→ **EXERCISE AIM**: Please make an exact copy of the lines from the one holding "Bmw 120d Futura AD NOVEMBRE 2008" through the end of the data, both ends included, with no pictures.

________________________

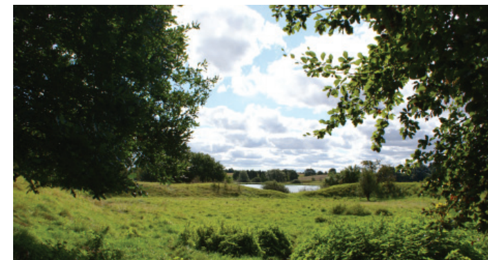
Den ene af åbningerne i jordvoldene mod Haraldsted Sø.

Det har ikke været muligt at eftervise, om teorien om et religiøst anlæg er forklaringen på stedets formgivning.
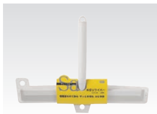
67081 サッ!とる2 水切りワイパー
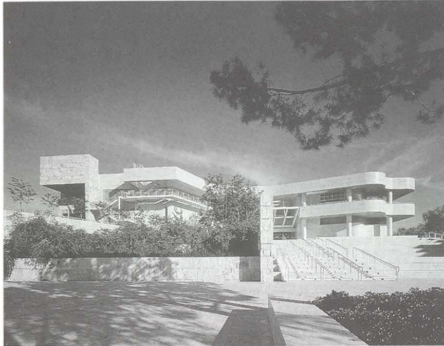
J. Paul Getty Museum at Getty Center.
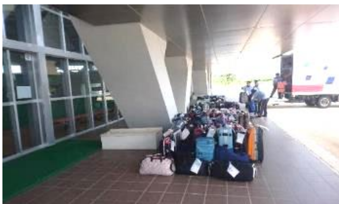
荷物を直接ドームに郵送
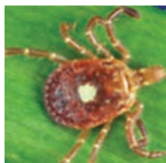
Garrapata estrella solitaria
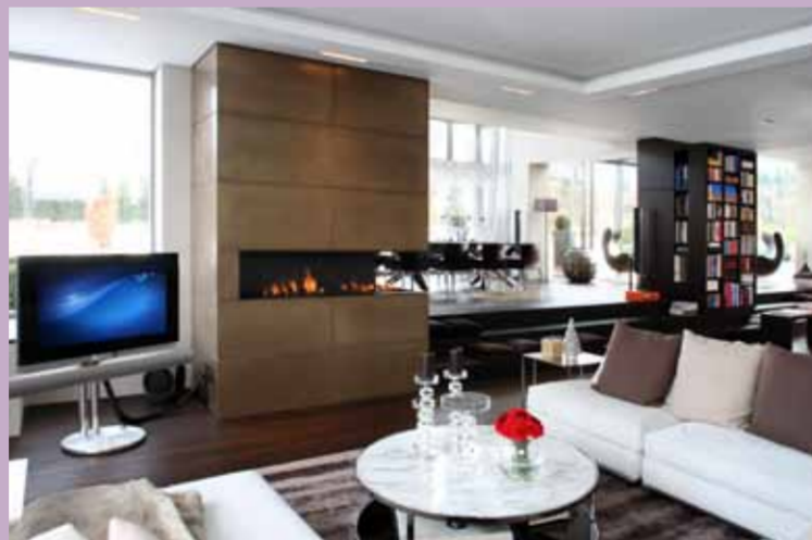
Schmuckstück und Unikat: Wohnraum mit Säulenregalen und edler Kaminverkleidung in Bronze-Metallhaut.
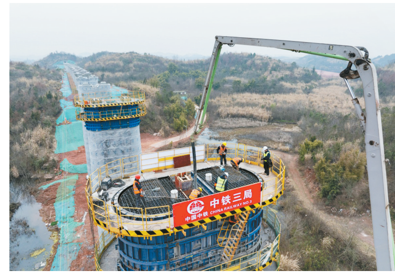
3月4日,中铁三局的施工人员在成渝中线高铁土红湾特大桥建设现场作业(无人照照片)。当日,由中铁三局承建的成渝中线高铁土红湾特大桥下部主体工程全部完工,全路建设有序推进。 成渝中线高铁是我国“八纵八横”高铁网沿江通道的重要组成部分,正线全长292公里,设计时速350公里。
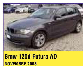
Bmw 120d Futura AD NOVEMBRE 2008
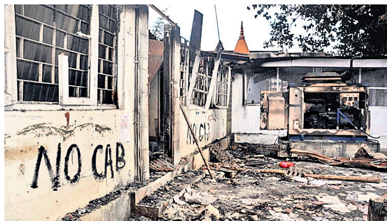
ଆସାମର ବିଭୁବନ ଜିଲ୍ଲା ଚାନ୍ଦୁଆରେ ପୋଷ୍ଟ ଅଫିସକୁ ଭାଙ୍ଗିଦେଇଛି ସିଏସ ବିରୋଧୀ ବିଶୋଭକାରୀ।
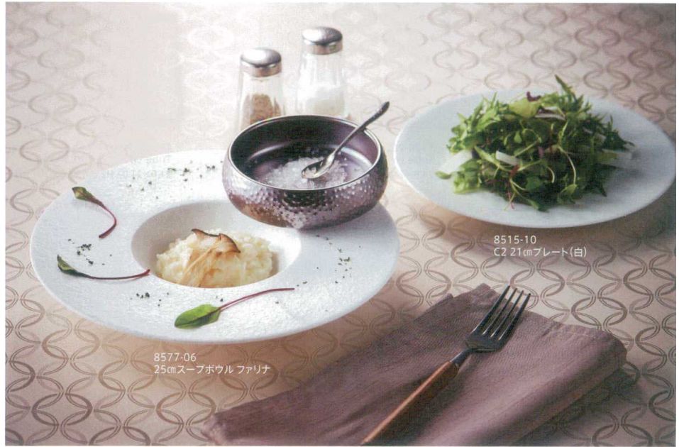
8577-06 25cmスープボウル ファリナ
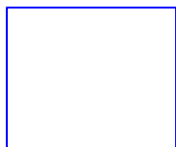
Plan élargi de Labastide Saint Pierre

Cliquer sur la vignette pour visualiser le plan.
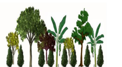
Figura 2. Policultivo diverso o tradicional
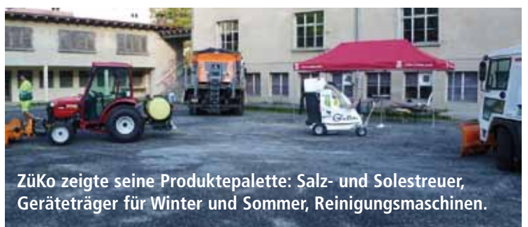
ZüKo zeigte seine Produktpalette: Salz- und Solestreuer, Geräteträger für Winter und Sommer, Reinigungsmaschinen.

________________________

→ **WORKED SOLUTION**:
Bmw 120d Futura AD NOVEMBRE 2008
ଆସାମର ବିଭୁବନ ଜିଲ୍ଲା ଚାନ୍ଦୁଆରେ ପୋଷ୍ଟ ଅଫିସକୁ ଭାଙ୍ଗିଦେଇଛି ସିଏସ ବିରୋଧୀ ବିଶୋଭକାରୀ।
8577-06 25cmスープボウル ファリナ
Plan élargi de Labastide Saint Pierre

Cliquer sur la vignette pour visualiser le plan.
Figura 2. Policultivo diverso o tradicional
ZüKo zeigte seine Produktpalette: Salz- und Solestreuer, Geräteträger für Winter und Sommer, Reinigungsmaschinen.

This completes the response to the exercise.